Probably not the most efficient way, but a clear way around using es6
function sortStrChars(str) {
if (!str) {
return;
}
str = str.split('');
str = str.sort();
str = str.join('');
return str;
}
const words = ["dell", "ledl", "abc", "cba", 'boo'];
function getGroupedAnagrams(words) {
const anagrams = {}; // {abc:[abc,cba], dell:[dell, ledl]}
words.forEach((word) => {
const sortedWord = sortStrChars(word);
if (anagrams[sortedWord]) {
return anagrams[sortedWord].push(word);
}
anagrams[sortedWord] = [word];
});
return anagrams;
}
const groupedAnagrams = getGroupedAnagrams(words);
for (const sortedWord in groupedAnagrams) {
console.log(groupedAnagrams[sortedWord].toString());
}

I had this question in an interview. Given an array of words ['cat', 'dog', 'tac', 'god', 'act'], return an array with all the anagrams grouped together.
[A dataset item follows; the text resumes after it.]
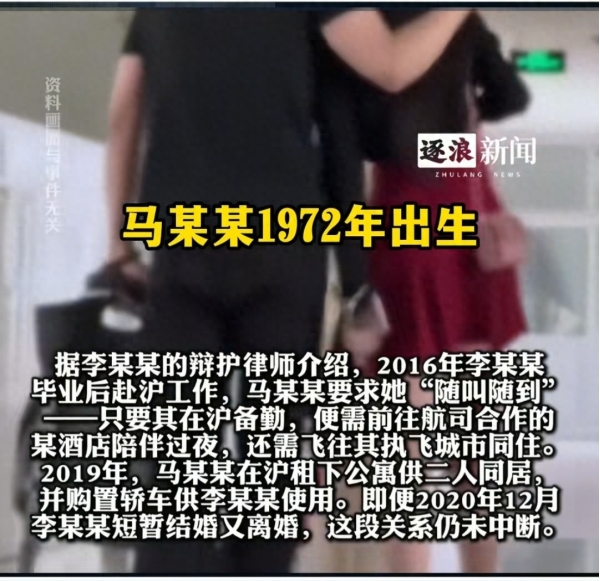 据李某某的辩护律师透露。2016年李某某毕业来到上海工作后,两人的交往变得多了起来。马某某会要求李某某在他于上海备勤时,必须前往航空公司合作的酒店陪伴过夜;有时,还需要她飞往自己执飞的城市同住。到了2019年,马某某索性在上海租下一套公寓,还购置了轿车,弄了一个属于二人的同居世界。即便李某某在2020年底经历了一段短暂的婚姻并迅速离婚,她与马某某之间的联系也从未真正切断。这一切,都有李某某表妹的旁证,她甚至曾陪同表姐去扬州探望过这位"老马"。

Makes sure the anagrams are unique.
var arr = ['cat', 'dog', 'tac', 'god', 'act'];
var allAnagrams = function(arr) {
var anagrams = {};
arr.forEach(function(str) {
var recurse = function(ana, str) {
if (str === '')
anagrams[ana] = 1;
for (var i = 0; i < str.length; i++)
recurse(ana + str[i], str.slice(0, i) + str.slice(i + 1));
};
recurse('', str);
});
return Object.keys(anagrams);
}
console.log(allAnagrams(arr));
//["cat", "cta", "act", "atc", "tca", "tac", "dog", "dgo", "odg", "ogd", "gdo", "god"]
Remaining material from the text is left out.